◆ **Exercise description**: Will you write out, word for word, every line from the one with "The Wuhan urban" to the final line of the data below, with the pictures left out?

[Collected data]
++++++++++
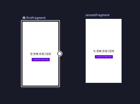 해당 프레그먼트 부분에 마우스를 올리면 위의 사진과 같이 동그란 점이 나오는데 이 점이 시작하는 지점이 출발 프레그먼트, 이 점이 끝나는 곳이 도착 프레그먼트입니다. 첫 번째 -> 두 번째 이동과 두 번째 -> 첫 번째 이동을 모두 구현하고 싶기 때문에 firstFragment에서 secondFragment로, 그 반대로도 점을 이어줍니다.
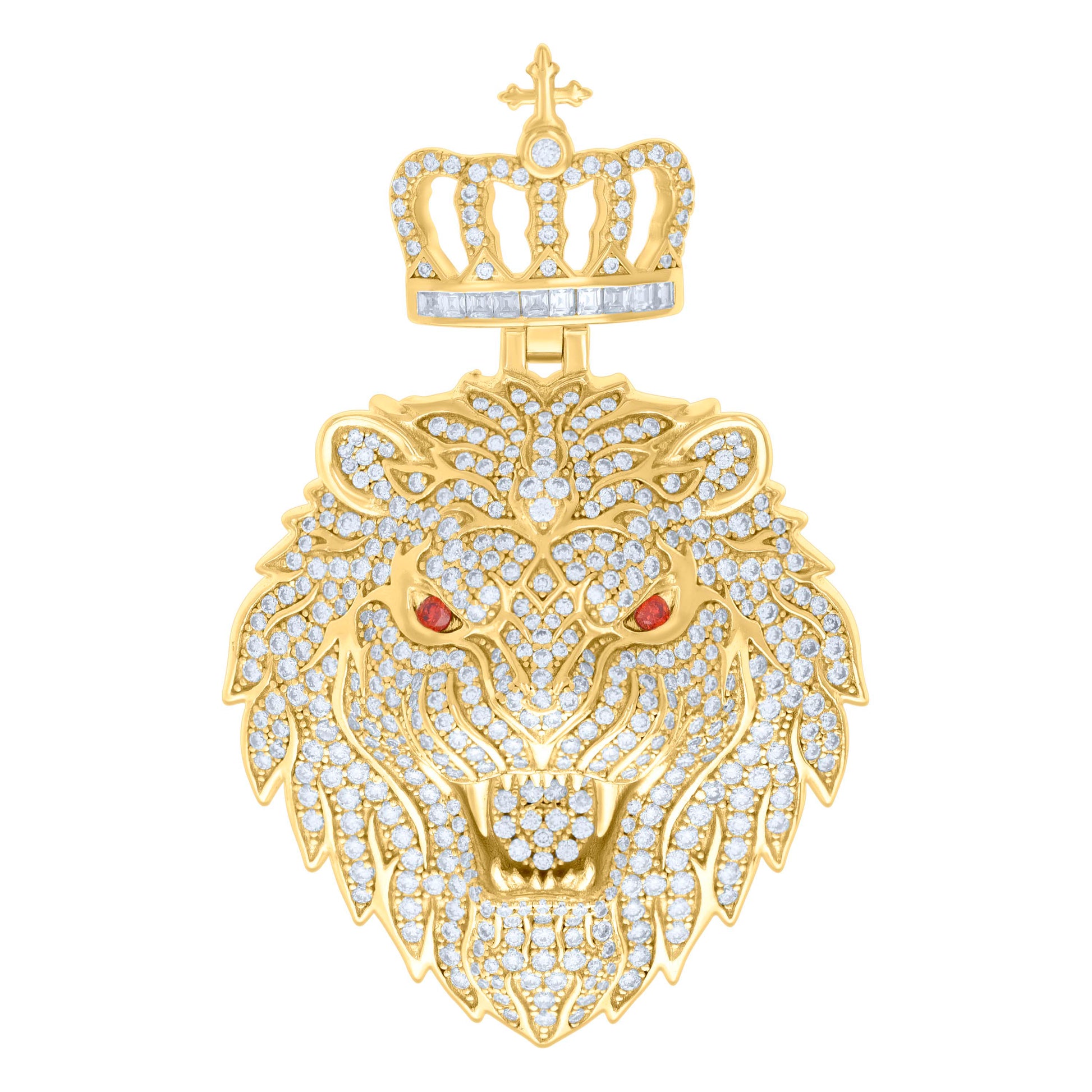 925 Sterling Silver Yellow-tone Mens 4.48ct, 0.42ct Red White Baguette Round Moissanite Leo/Lion Head Pendant
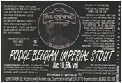 Podge Belgian Imperial StoutDeze imperial stout werd ontwikkeld ter gelegenheid van het bezoek van Engels biergoeroe Chris Pollard aka Podge. Het is een diepzwart bier met romige schuimkraag. Er is een complex aroma van gebrande mouten en alcohol. De aanhef is lichtzoet met toetsen van koffie, zwarte chocolade en alcohol. De afdronk is bitterdroog en houdt lang aan.
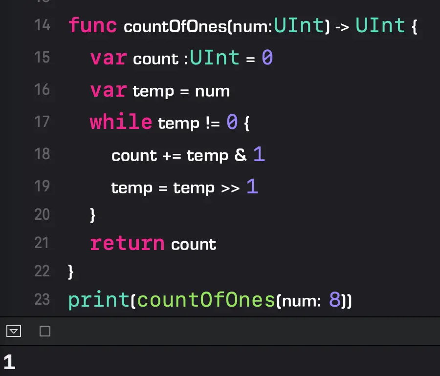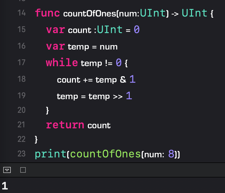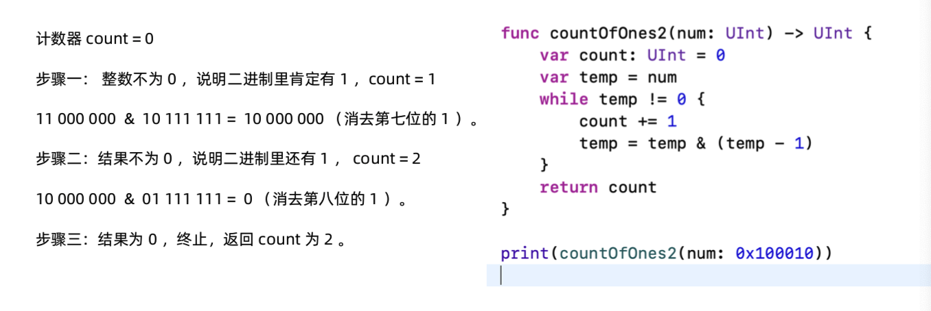 思路:为了简化这个问题,我们考虑只有高位有 1 的情况。例如:11 000 000 ,如何跳过前面低 位的 6 个 0 ,而直接判断第七位的 1 ?我们可以设计 11 000 000 和 10 111 111(也就是 11 000 000 - 1)做“与”操作,消去最低位的 1 。如果得到的结果为 0,说明我们已经找到消去里面最后一个1。如果不为0,那么说明我们消去了最低位的1,但是二进制中还有其他的1,我们的计数器需要加 1 ,然后继续上面的操作。
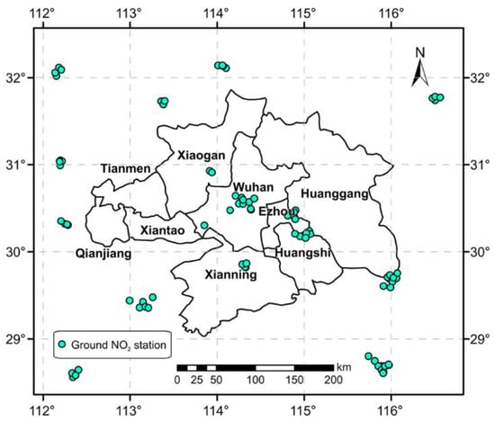 The Wuhan urban agglomeration (WUA) region was selected as the study area, which is displayed in Figure 1. The WUA region is situated in the central part of China. It consists of the Wuhan city and eight surrounding cities, i.e., Ezhou, Huangshi, Xianning, Xiaogan, Huanggang, Tianmen, Qianjiang, and Xiantao [25]. In recent years, the WUA region is suffering from a severe air pollution problem, due to the rapid development of the economy [26,27]. Hence, it is of considerable significance to dynamically monitor ground NO2 concentrations in the WUA region.
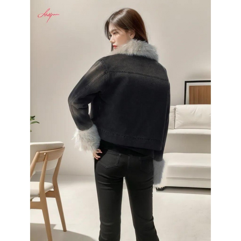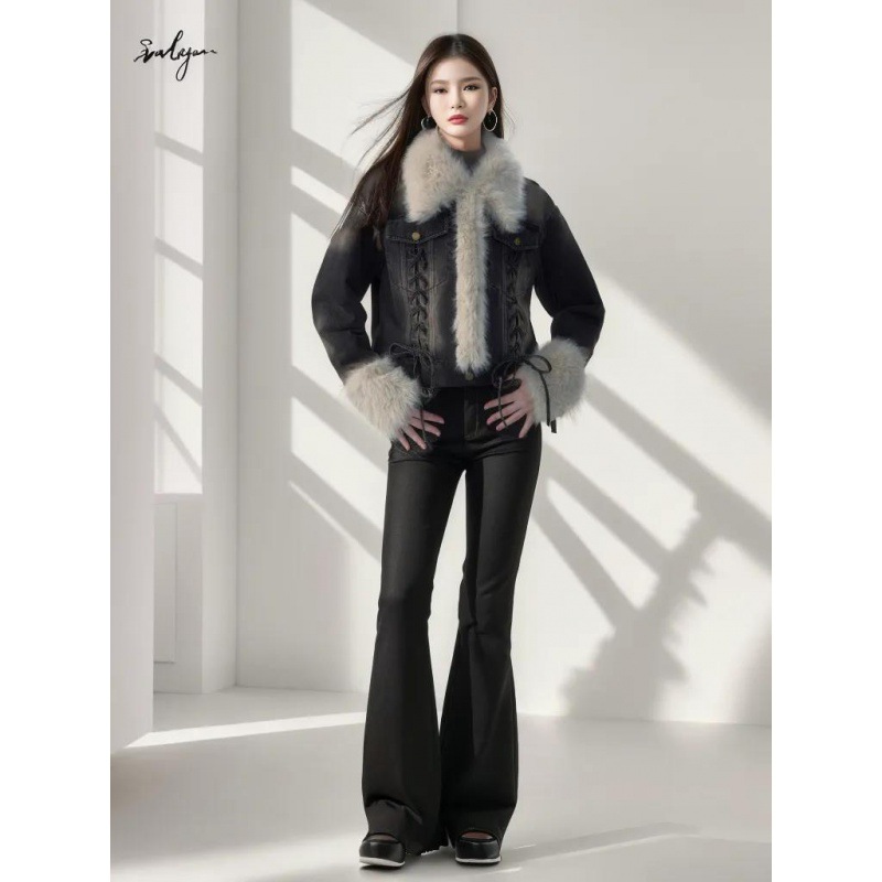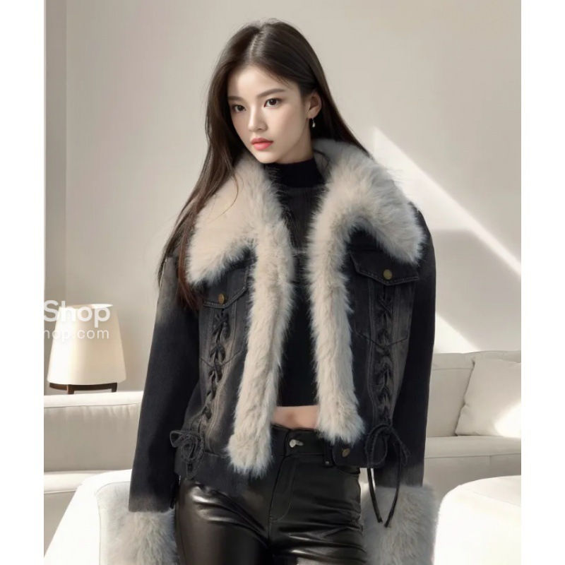 | nameOriginal | Hot girl fur stitching lace-up washed distressed Denim coat feel autumn and winter cotton-padded coat |
++++++++++
◆ **Answer section**:
 The Wuhan urban agglomeration (WUA) region was selected as the study area, which is displayed in Figure 1. The WUA region is situated in the central part of China. It consists of the Wuhan city and eight surrounding cities, i.e., Ezhou, Huangshi, Xianning, Xiaogan, Huanggang, Tianmen, Qianjiang, and Xiantao [25]. In recent years, the WUA region is suffering from a severe air pollution problem, due to the rapid development of the economy [26,27]. Hence, it is of considerable significance to dynamically monitor ground NO2 concentrations in the WUA region.
 | nameOriginal | Hot girl fur stitching lace-up washed distressed Denim coat feel autumn and winter cotton-padded coat |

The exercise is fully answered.